Article ID: | iaor20162703 |
Volume: | 67 |
Issue: | 7 |
Start Page Number: | 953 |
End Page Number: | 969 |
Publication Date: | Jul 2016 |
Journal: | Journal of the Operational Research Society |
Authors: | Maddah Bacel, Ghoniem Ahmed, Flamand Tulay |
Keywords: | location, allocation: resources, combinatorial optimization, programming: integer, marketing |
This paper addresses a problem where a retailer seeks to optimize store‐wide shelf‐space allocation in order to maximize the visibility of products to consumers and consequently stimulate impulse buying. We consider a setting where the retailer, because of product affinities or the retailer’s historical practice, has pre‐clustered product categories into groups each of which must be assigned to a shelf. On the basis of its location in the store layout, each shelf is partitioned into contiguous shelf segments having different anticipated customer traffic densities.

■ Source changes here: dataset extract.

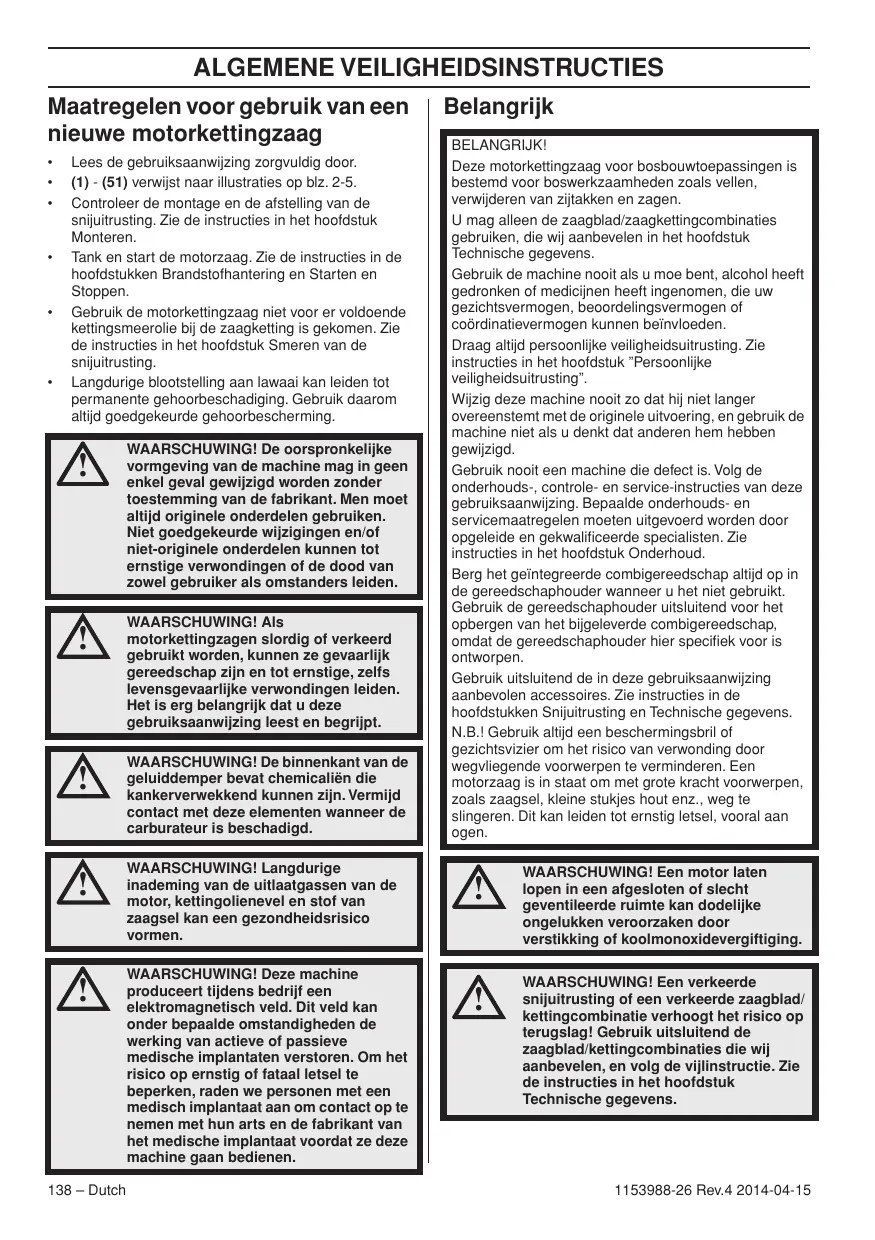 Dutch – 137 ALGEMENE VEILIGHEIDSINSTRUCTIES Maatregelen voor gebruik van een nieuwe motorkettingzaag

The retailer seeks to assign each group of product categories to a shelf, to determine the relative location of product categories within their assigned shelf, and to specify their allocated total shelf space within given lower/upper bounds. We propose a 0–1 integer programme that takes into account expected customer traffic densities within the store, groups of product categories, their relative profitability, and the desirability to keep certain product groups in the same aisle, with the objective of maximizing the impulse buying profit. The proposed model is grounded in a preprocessing scheme that explores feasible assignments of subsets of product groups to available aisles by iteratively solving an ‐hard subproblem and is numerically observed to greatly outperform an alternative mixed‐integer programming formulation. We demonstrate the usefulness of and the enhanced tractability achieved by the proposed approach using a case study motivated by a grocery store in New England and a variety of simulated problem instances.